Note that since the search database is separate from the primary database anyway, moving this logic to event consumers does not change behavior with respect to database transactions.
Batch indexing pipeline
Sometimes a new field needs to be added to all existing instances of a search document. For example, we might decide we want to start indexing a computed field called “billing status” for a shipment, which aggregates the payments statuses for all payable and receivable invoices. We need to go back and update all the existing documents to include this field. For this, cursor-based list backfill with checkpointing by saving to the filesystem is a good option. A resumable Temporal workflow also works.
Denormalized records
Reindexing becomes very slow and expensive if entity traversal and data loading is done as part of search indexing. An option here is to break the indexing pipeline into two steps: first, compute a “denormalized record” and store it within the primary database using a JSON field; second, read from the denormalized record table in batch and index directly into the search database.
This improves debuggability by making it easier to determine whether something is broken in the step to produce a denormalized record or whether something is broken in the step to index the denormalized record in the search database. This is especially useful for complex computed fields – having the intermediate result in the primary database is helpful for quick iteration.
Product interface - entrypoint
I find it’s best to allow the search box and search results to be accessible without leaving the current page. For example, embedding the search box as a fixed part of the top menu bar, or accessible through a shortcut.
Let’s say I’m viewing a PDF file and want to find data related to a specific reference number on the PDF. With a search box widget in the top menu bar, I can copy/paste from the PDF to search and see results in a hovering drop down. If there are two shipment results, I can cross-check the rich shipment search result row against what’s visible in the PDF file to determine which of the shipments I want – all without leaving the page with the PDF.
The alternative is to require transitioning to a different full page view to perform search. Such an approach creates a context switch that is unnecessary for most use cases. It adds additional clicks, clutters up the user’s browser search history, is visually jarring, etc.
Product interface - results
Given that search results may return many different entity types, the interface should provide “rich” search results for each entity type. For example, a shipment result might include a small route preview with the origin and destination city and the carrier. An email result might include the email title and sender. An organization might include its name, address, USDOT number, etc. The rich results provide two benefits:
Visually distinguish different entity types, reifying concepts in the domain model. Provide additional data points to help users find what they are looking for. These data points vary based on entity.
Backend-to-frontend API
There are two approaches here. The backend can expose a single API that tasks a search term and returns all results of any type, or it can expose APIs per entity type. The former approach allows the backend to control the sorting of results across entity types, but it adds complexity. The latter approach is more straightforward, especially with GraphQL, wherein a single network request can fetch data from several search indices at once.
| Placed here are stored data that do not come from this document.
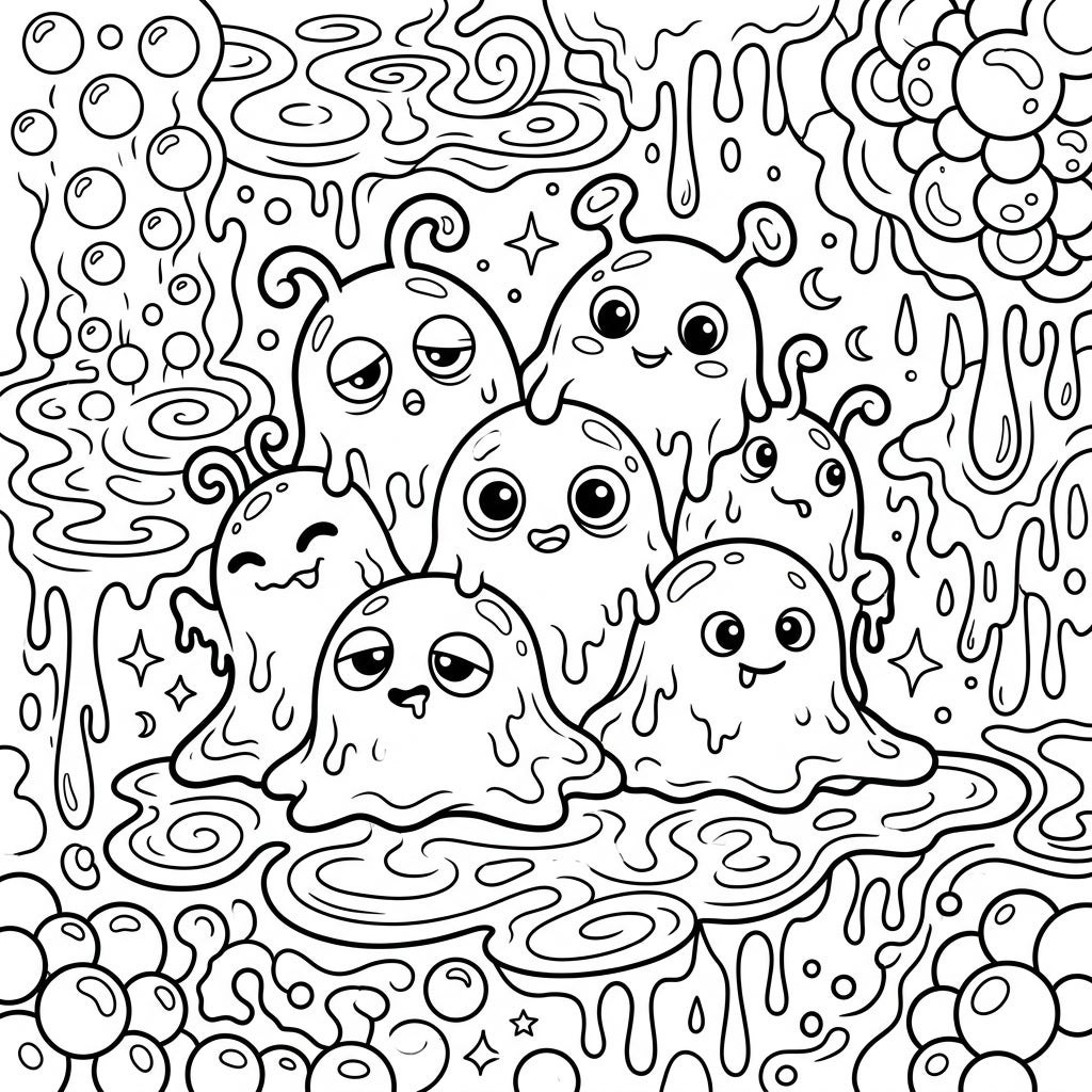 Embark on a delightful artistic journey with this captivating coloring page featuring a group of charming slime monsters. Each adorable blob boasts unique, expressive faces, from cheerfully grinning to playfully sleepy, nestled amidst a playful swirl of oozing patterns, whimsical bubbles, and sparkling stars. The thick, defined lines ensure a clear and enjoyable coloring experience, making every detail easy to fill.
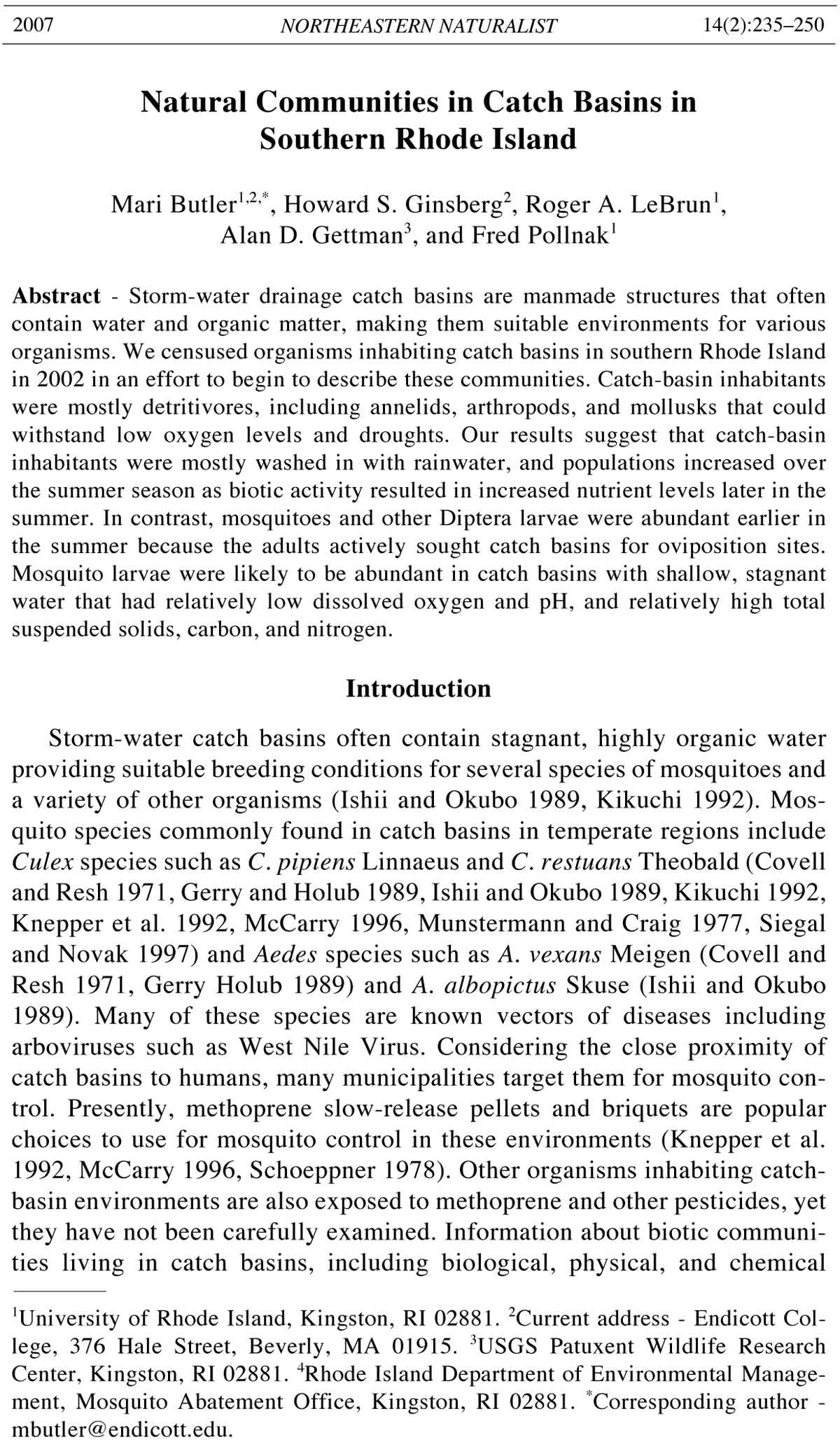 Mosquito Abatement Office, Kingston, RI 02881. *Corresponding author -
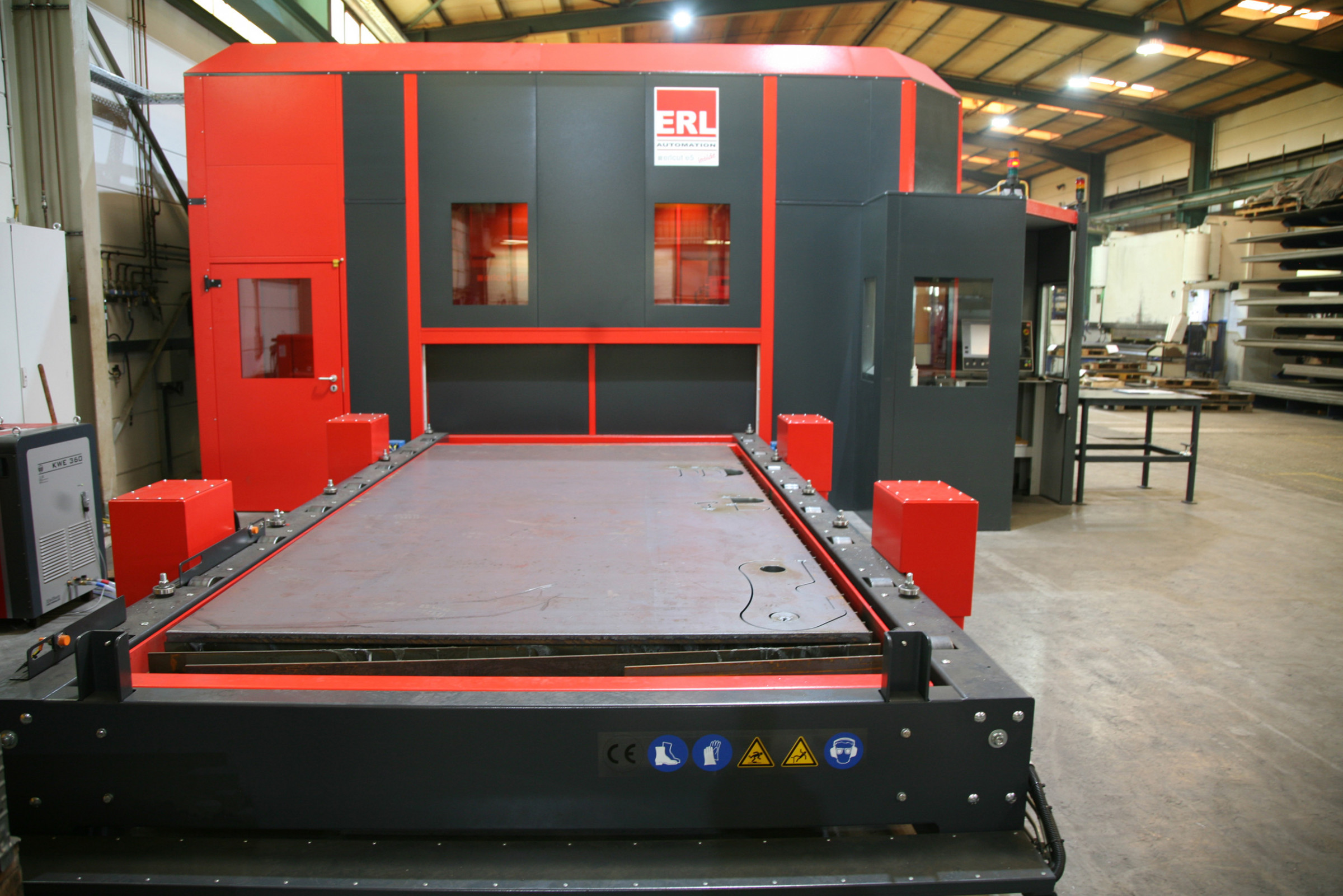 Dank der Schallschutzeinhausung bekommen die Anlagenbediener außerhalb der Kabine davon wenig mit. Die Schallschutzkabine reduziert den Lärm um bis zu 30 db(A), darüber hinaus sind alle relevanten Bedienelemente in einer halboffenen schallgedämmten Bedienzentrale untergebracht. Von dort aus hat das Bedienpersonal sowohl den Schneidprozess als auch die Be- und Entladestation außerhalb der Kabine stets im Blick. Bei der Einrichtung von Blechtafeln werden die Bediener vom Kamerasystem erlcut-cam unterstützt. Eine am Werkzeug angebaute Kamera überträgt ein Live-Bild an die Steuerung und ermöglicht so das schnelle, präzise und lotrechte Erfassen der Kanten.
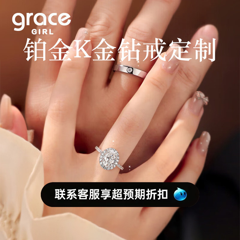 Grace Girl培育钻石铂金18K金群镶大克拉钻戒托求婚订婚戒指定制
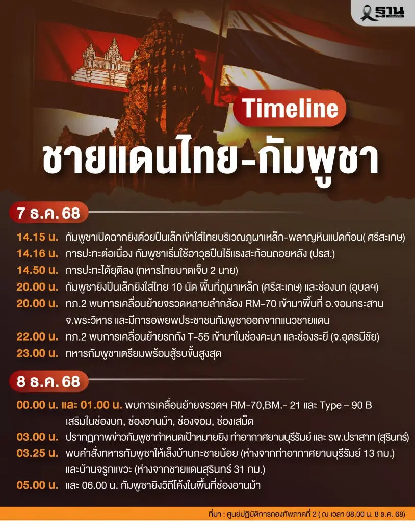 ศูนย์ปฏิบัติการกองทัพภาคที่ 2 แถลงพร้อมกับเปิดเผยเอกสารรายละเอียดสถานการณ์ตามแนวชายแดนไทย-กัมพูชา ประจำวันที่ 8 ธันวาคม 2568 ระบุ ฝ่ายกัมพูชามีการกำหนดเป้าหมายอาวุธยิงสนับสนุนมายังพื้นที่ลึกในจังหวัดสุรินทร์และใกล้ท่าอากาศยานบุรีรัมย์ พร้อมทั้งมีการเคลื่อนย้ายยุทโธปกรณ์และปะทะกับฝ่ายไทยในบางพื้นที่
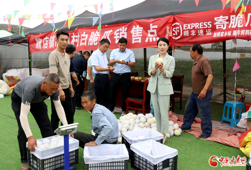 2023年,秦安縣委、縣政府把培育發(fā)展白脆瓜作為促進(jìn)秦安農(nóng)民增收的又一重要抓手后,她充分發(fā)揮擁有一定的銷售市場(chǎng)的特長(zhǎng),積極進(jìn)行市場(chǎng)推介,引導(dǎo)群眾大力發(fā)展白脆瓜產(chǎn)業(yè),成功將秦安白脆瓜打入蘭州國際高原夏菜市場(chǎng),為群眾鋪開了一條白脆瓜的熱銷路,幫助群眾銷售白脆瓜16萬斤,銷售額達(dá)160萬元以上,不僅解決了魏店及周邊5個(gè)鄉(xiāng)鎮(zhèn)群眾白脆瓜的銷售問題,更為群眾進(jìn)一步發(fā)展白脆瓜產(chǎn)業(yè)增強(qiáng)了信心。
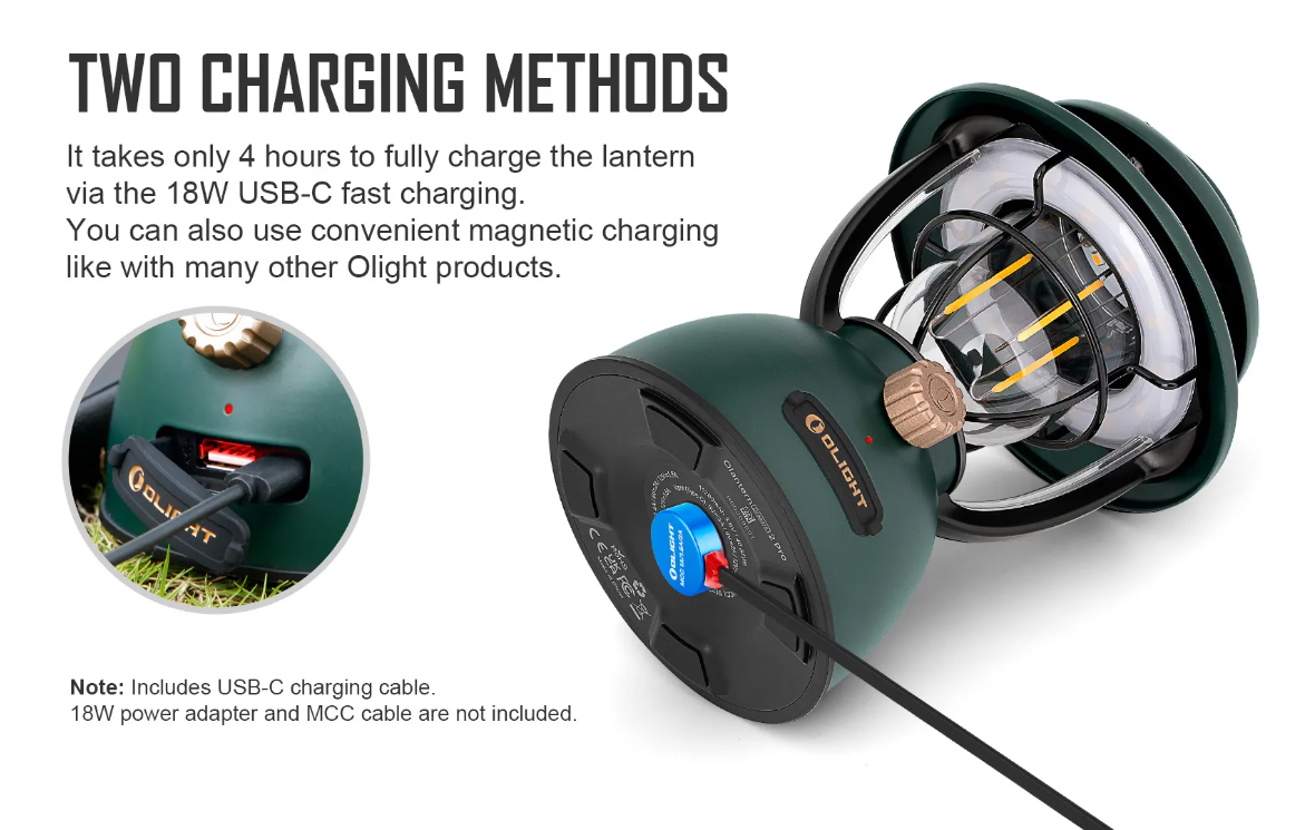 Some rechargeable lanterns come with additional features like solar charging or USB charging. The Olight lantern’s fast USB charging makes it convenient to recharge on the go.

This approach also makes it easier to fetch exactly what’s needed for each entity type:
query SearchQuery($term: String!) {
organizations(term: $term, first: 10) {
edges {
qid
name
primaryAddress {
city
state
}
}
}
artifacts(term: $term, first: 10) {
edges {
qid
name
format
type
}
}
shipments(term: $term, first: 10) …
invoices(term: $term, first: 10) …
}
Backend implementation
I’ve seen good success with the Searchkit library and custom GraphQL APIs.